Mummy Buzz

Aug
03
2011

J K Rowling's Family History of Single Mums

Who Do You Think You Are, JK?

While taking part in the BBC genealogy series Who Do You Think You Are?, JK Rowling, author of the mega famous Harry Potter books, discovered she comes from a long line of single mums.

It was only during the research for the program, which uncovers the family tree of celebrities, that Rowling learned that her great-grandmother, Lizzie, her great-great-grandmother, Salomé, and her great-great-great-grandmother, Christine were all single mothers. Her maternal grandmother, Louisa, was also supposedly born out of wedlock.

Although she's said to be worth half a billion pounds, Rowling famously wrote the first Potter book in the midst of divorce proceedings. She was living on welfare in a cold Edinburgh flat with her baby daughter -- an experience that, perhaps not surprisingly, left her clinically depressed.

"Between 1993 and 1997," said Rowling, "I did the job of two parents, qualified and then worked as a secondary school teacher, wrote one and a half novels and did the planning for a further five. For a while, I was clinically depressed. To be told, over and over again, that I was feckless, lazy — even immoral — did not help."
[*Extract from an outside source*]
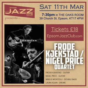 Buy your tickets in advance here: https://www.ticketsource.co.uk/epsom-music/epsom-jazz-club-sat-11th-mar-7-30pm-frode-kjekstad-nigel-price-quartet/e-vagppr

A teary Rowling, who married her second husband, Neil Murray, a doctor, in 2001, described taking part in the genealogy series as "humbling" and "strangely reassuring”.

Rowling has previously stated that being a single mother had made her a scourge of the previous Conservative government.

"Women like me... were, according to popular myth, a prime cause of social breakdown and in it for all we could get: free money, state-funded accommodation, an easy life."

Au contraire, Rowling is not only president of Gingerbread, a UK charity for single parents, she is a modern-day heroine worthy of her own fairy tale.